Directions for this task: An exact repetition of the data is required; no picture should appear in it.

-------- Working data

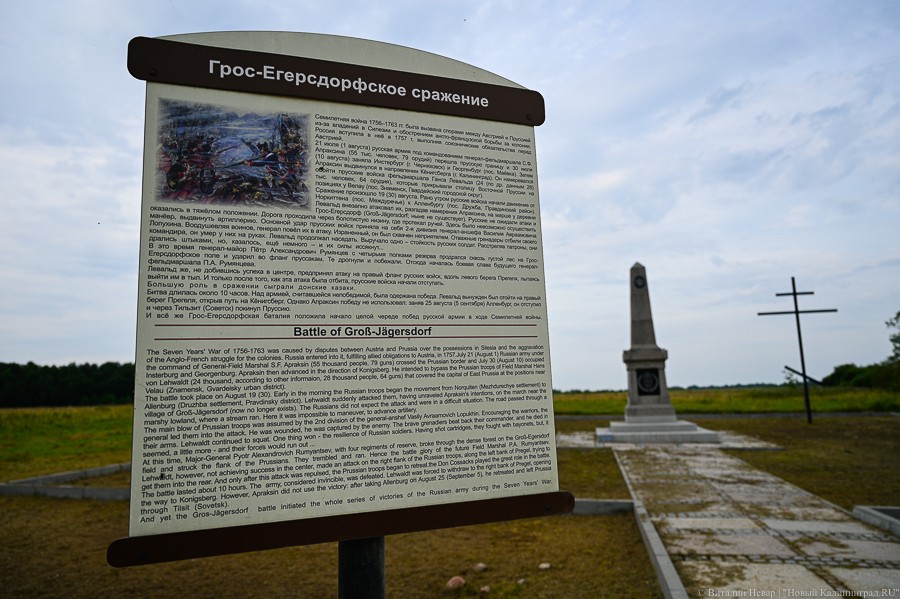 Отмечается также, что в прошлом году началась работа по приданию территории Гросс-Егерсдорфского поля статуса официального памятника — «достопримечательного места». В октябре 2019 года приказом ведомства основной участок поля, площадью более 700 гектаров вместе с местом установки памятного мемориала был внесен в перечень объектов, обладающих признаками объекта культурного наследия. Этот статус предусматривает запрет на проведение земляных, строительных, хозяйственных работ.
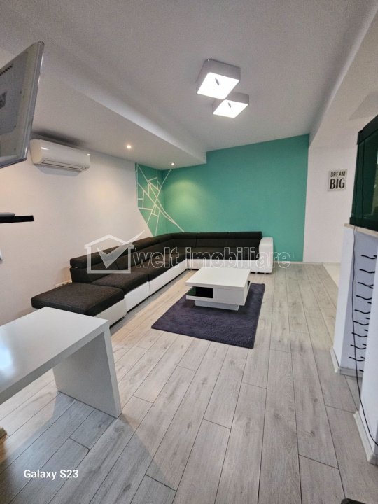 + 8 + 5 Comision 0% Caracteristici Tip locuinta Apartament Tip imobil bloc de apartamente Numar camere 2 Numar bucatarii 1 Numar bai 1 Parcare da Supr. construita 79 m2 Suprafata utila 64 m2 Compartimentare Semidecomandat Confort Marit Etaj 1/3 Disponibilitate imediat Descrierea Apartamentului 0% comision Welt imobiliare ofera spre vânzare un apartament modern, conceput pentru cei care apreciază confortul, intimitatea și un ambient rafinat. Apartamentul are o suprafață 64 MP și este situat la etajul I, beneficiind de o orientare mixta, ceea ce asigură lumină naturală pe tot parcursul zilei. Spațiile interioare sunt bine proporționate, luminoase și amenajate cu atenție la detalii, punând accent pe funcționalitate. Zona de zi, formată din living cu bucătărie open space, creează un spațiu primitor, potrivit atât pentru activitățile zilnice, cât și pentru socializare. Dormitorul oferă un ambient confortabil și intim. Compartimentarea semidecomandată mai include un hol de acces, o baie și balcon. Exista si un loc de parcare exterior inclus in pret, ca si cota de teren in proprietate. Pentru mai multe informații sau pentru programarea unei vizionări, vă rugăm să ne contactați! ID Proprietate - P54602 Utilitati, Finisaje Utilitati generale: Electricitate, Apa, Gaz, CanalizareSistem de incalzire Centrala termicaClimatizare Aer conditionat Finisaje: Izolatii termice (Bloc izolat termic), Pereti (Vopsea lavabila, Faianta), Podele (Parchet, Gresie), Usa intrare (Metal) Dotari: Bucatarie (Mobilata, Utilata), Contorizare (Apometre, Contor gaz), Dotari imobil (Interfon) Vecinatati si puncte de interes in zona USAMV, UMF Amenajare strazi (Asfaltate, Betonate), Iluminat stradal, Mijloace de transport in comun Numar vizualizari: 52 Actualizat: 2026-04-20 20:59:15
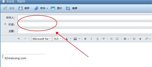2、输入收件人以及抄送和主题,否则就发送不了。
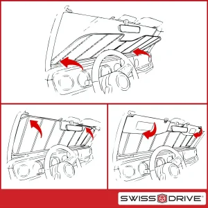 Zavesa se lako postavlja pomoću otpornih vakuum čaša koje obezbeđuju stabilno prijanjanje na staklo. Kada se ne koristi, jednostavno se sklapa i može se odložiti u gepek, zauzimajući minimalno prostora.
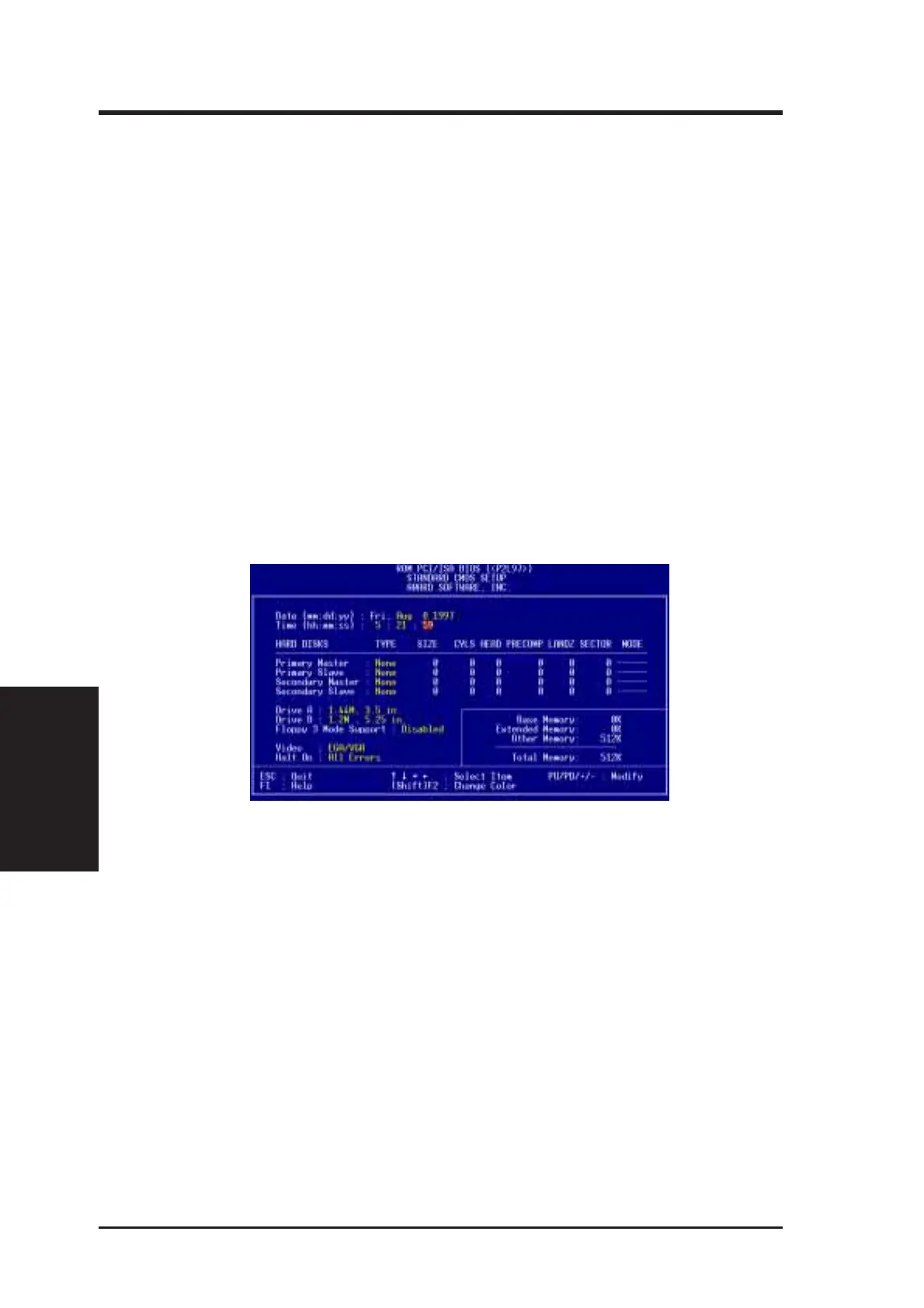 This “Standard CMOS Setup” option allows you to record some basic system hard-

----------------

Response to the exercise:
 Отмечается также, что в прошлом году началась работа по приданию территории Гросс-Егерсдорфского поля статуса официального памятника — «достопримечательного места». В октябре 2019 года приказом ведомства основной участок поля, площадью более 700 гектаров вместе с местом установки памятного мемориала был внесен в перечень объектов, обладающих признаками объекта культурного наследия. Этот статус предусматривает запрет на проведение земляных, строительных, хозяйственных работ.
 + 8 + 5 Comision 0% Caracteristici Tip locuinta Apartament Tip imobil bloc de apartamente Numar camere 2 Numar bucatarii 1 Numar bai 1 Parcare da Supr. construita 79 m2 Suprafata utila 64 m2 Compartimentare Semidecomandat Confort Marit Etaj 1/3 Disponibilitate imediat Descrierea Apartamentului 0% comision Welt imobiliare ofera spre vânzare un apartament modern, conceput pentru cei care apreciază confortul, intimitatea și un ambient rafinat. Apartamentul are o suprafață 64 MP și este situat la etajul I, beneficiind de o orientare mixta, ceea ce asigură lumină naturală pe tot parcursul zilei. Spațiile interioare sunt bine proporționate, luminoase și amenajate cu atenție la detalii, punând accent pe funcționalitate. Zona de zi, formată din living cu bucătărie open space, creează un spațiu primitor, potrivit atât pentru activitățile zilnice, cât și pentru socializare. Dormitorul oferă un ambient confortabil și intim. Compartimentarea semidecomandată mai include un hol de acces, o baie și balcon. Exista si un loc de parcare exterior inclus in pret, ca si cota de teren in proprietate. Pentru mai multe informații sau pentru programarea unei vizionări, vă rugăm să ne contactați! ID Proprietate - P54602 Utilitati, Finisaje Utilitati generale: Electricitate, Apa, Gaz, CanalizareSistem de incalzire Centrala termicaClimatizare Aer conditionat Finisaje: Izolatii termice (Bloc izolat termic), Pereti (Vopsea lavabila, Faianta), Podele (Parchet, Gresie), Usa intrare (Metal) Dotari: Bucatarie (Mobilata, Utilata), Contorizare (Apometre, Contor gaz), Dotari imobil (Interfon) Vecinatati si puncte de interes in zona USAMV, UMF Amenajare strazi (Asfaltate, Betonate), Iluminat stradal, Mijloace de transport in comun Numar vizualizari: 52 Actualizat: 2026-04-20 20:59:15
2、输入收件人以及抄送和主题,否则就发送不了。
 Zavesa se lako postavlja pomoću otpornih vakuum čaša koje obezbeđuju stabilno prijanjanje na staklo. Kada se ne koristi, jednostavno se sklapa i može se odložiti u gepek, zauzimajući minimalno prostora.
 This “Standard CMOS Setup” option allows you to record some basic system hard-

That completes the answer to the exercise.